Dmitri Moua, 16, says he’s possessed a penchant for music and dancing since he was very young.
“I like how I’m able to express myself through moving and choreography,” Moua told WCCO-TV.
Indeed he was adept enough to score a spot on the rec dance team at his Minnesota high school, the station said — and was the only boy on it.
Then after many of his teammates and friends got on the competitive dance team at Roseville Area High School, WCCO said Moua requested a tryout.
And he got a big stop sign in his face.
“The coaches told me that I wouldn’t be allowed to compete,” Moua told the station.
The decision was due to his gender and based on state law that says boys can participate in the “girls only” squad only as a team manager.
How did Moua respond?
With that Moua sued the Minnesota State High School League for discrimination, WCCO reported, adding that a boy from Minnetonka also is involved in last week’s lawsuit.

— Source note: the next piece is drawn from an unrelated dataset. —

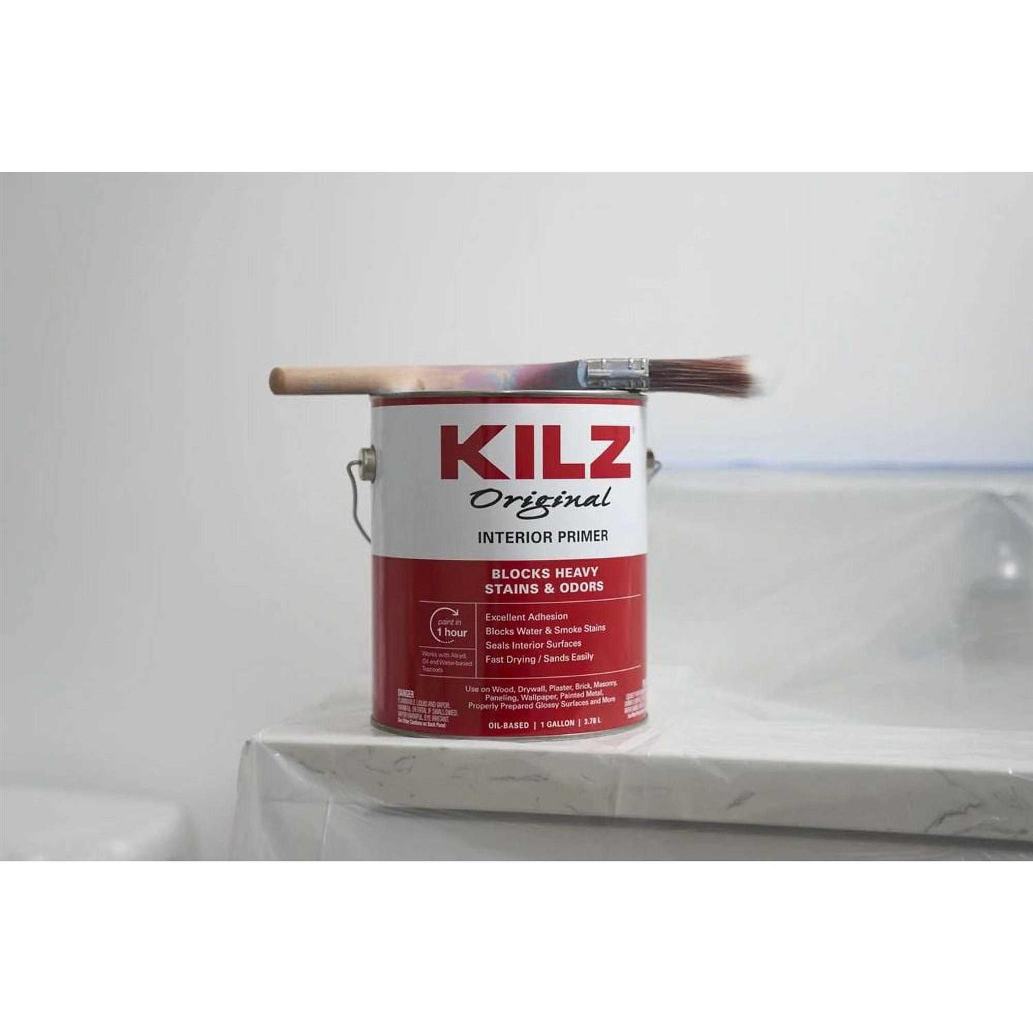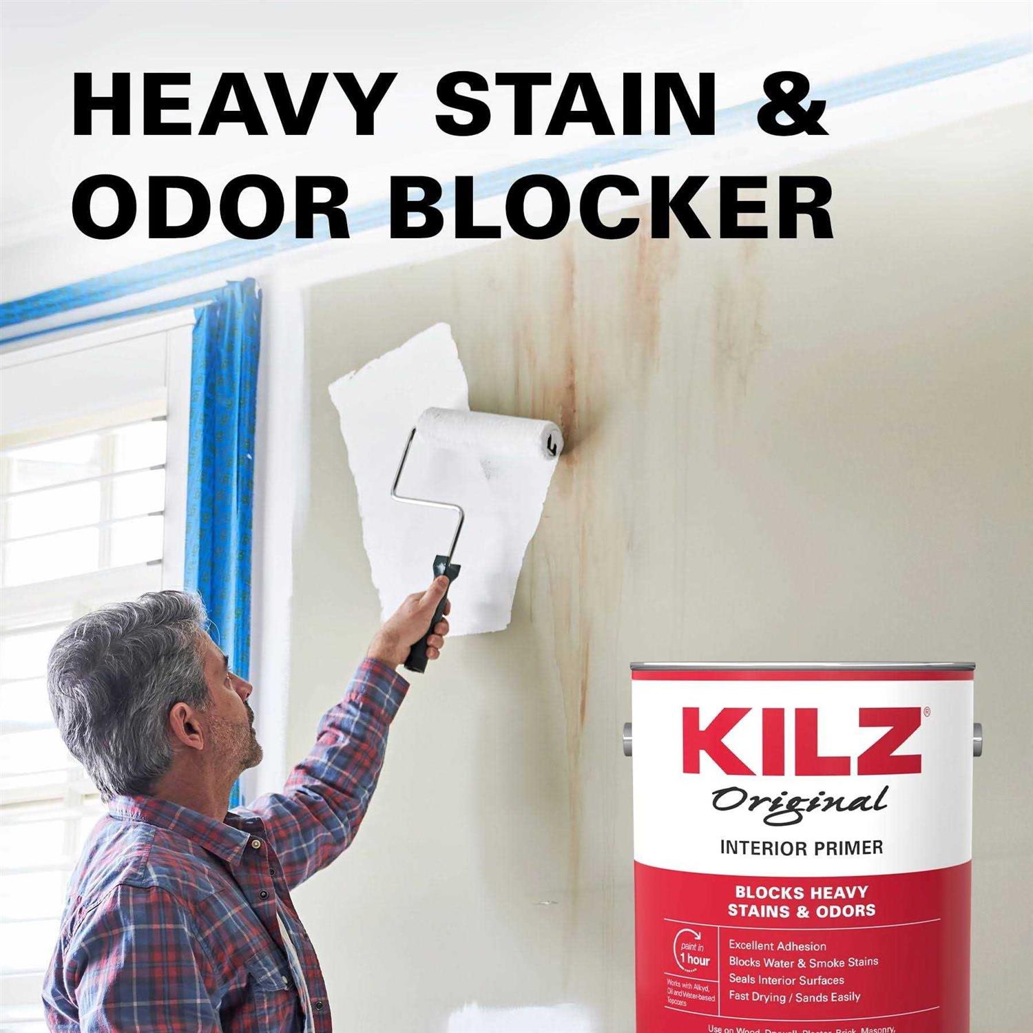 KILZ ORIGINAL Primer is a powerful stainblocking formula that blocks most heavy interior stains including water, smoke, tannin, ink, pencil, felt marker, grease, and also seals pet, food and smoke odors. Trusted by pros for over 40 years, it has excellent sealing and adhesion properties help paint adhere to most interior surfaces leading to better results. Use on wood, drywall, plaster, paneling, wallpaper, masonry, brick, painted metal and properly prepared glossy surfaces†. Not recommended for mold or mildew-prone surfaces or on flooring.

“It made me really sad because I worked just as hard as any other girl on the team,” Moua told the station.
He and his mother, Bao Xiong, added to WCCO that letting Moua compete on competitive dance team would encourage more boys to do the same.
“There are more boys out there that probably want to dance but don’t know how to go about it, or that it’s even an option,” Xiong told the station.
MSHSL’s official handbook indicates the Girls Dance Team “may not rise to the level of gender equity activity for the purpose of Title IX,” WCCO reported. Title IX prohibits discrimination based on sex for any education program or activity receiving federal funds.
Moua’s family told the station they don’t want money, but rather the chance for Moua to join the girls on the dance squad. WCCO said it reached out to the MSHSL for comment but didn’t hear back.
Said Moua to the station: “Dancing with them would just make me feel complete.”